Shanghai South Bund Fabric Market · Since 2004

Process · Mar 12, 2026 · 4 min read

How Long Does a Bespoke Suit Take in Shanghai? Honest Timelines for Travellers

Some Shanghai shops promise a suit in 24 hours; others take six weeks. This is what the timeline actually looks like for a real bespoke suit, and how to align it with a working travel itinerary.

Why timelines vary so widely

A first-time visitor at South Bund Fabric Market can hear all of these in a single afternoon: "24 hours," "three to four days," "a week," and "about a month." None of these are wrong — they describe genuinely different products with different amounts of bench labour, fittings, and finishing.

Understanding the difference helps you choose the right tailor for your trip. The rule of thumb: the more fittings a tailor builds into the timeline, the more confident they are that the final garment will fit cleanly when you put it on at home.

The four common Shanghai suit timelines

Across South Bund and the surrounding tailoring scene, four timelines cover almost every scenario:

  • 24–48 hours: rush tourist suits, almost always machine-finished with one quick fitting. Acceptable for a first travel suit, less reliable for a wedding or a board photo.
  • 3–5 days: the most common compromise. Two fittings (basted and refined), most details done by machine, hand-finished where it shows. The standard target for short business trips.
  • 7–10 days: the comfortable bespoke window. Three fittings, real pattern adjustments, hand-stitched buttonholes if requested.
  • 3–6 weeks: full traditional bespoke. Paper pattern drafted from scratch, hand-padded canvas, multiple fittings spaced over weeks. Used for wedding orders where the client returns for a second visit.

What can and can't be compressed

Every tailor compresses something to hit a tight deadline. The honest question to ask is which step is shortened. Common compromises on a 24-hour suit include skipping the basted fitting, replacing hand-stitched canvas with fused interlining, and using machine buttonholes throughout. None of these are inherently wrong — they are just decisions that affect how the suit drapes after a year of wear.

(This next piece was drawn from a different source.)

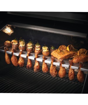 El práctico soporte multifuncional de acero inoxidable de alta calidad de Napoleon es compatible con el modelo de la barbacoa Rogue 525 de Napoleon y se utiliza en lugar de la rejilla de precalentamiento. El soporte amplia la superficie de cocción y se puede utilizar para colgar muslos o alitas de pollo, para cocinar verduras, setas rellenas, etc.

What cannot be sensibly compressed is fabric quality and pattern accuracy. If you have a posture asymmetry — a slightly higher shoulder, a sloping back — a 24-hour suit usually cannot adjust for it. A 5-day suit usually can.

How to align a suit with a real travel itinerary

We often recommend visitors structure their trip around the tailoring, not the other way round. Three realistic patterns work well:

  • 5-day Shanghai visit: consultation on day 1 morning, basted fitting on day 3, refined fitting on day 4, pickup on day 5 morning. One suit and three shirts is a comfortable order.
  • 7-day Shanghai visit: consultation on day 1, basted fitting on day 3, refined fitting on day 5, pickup on day 7. Two suits, six shirts, and a pair of separate trousers fits cleanly.
  • Two-trip plan: a measurement and fitting visit on a short trip, then production while you are home, with the final fitting (or hotel delivery) on a return trip months later. Best for wedding suits.

When the deadline is non-negotiable

If you are flying out on Friday for a wedding on Saturday, choose a tailor who is willing to tell you what they cannot do — not one who promises everything. The right answer to a tight deadline is often a half-canvas suit, hand-pressed, with two well-spaced fittings, rather than a fully hand-padded suit rushed through one. A confident tailor will narrow the scope to give you a garment that actually arrives ready to wear.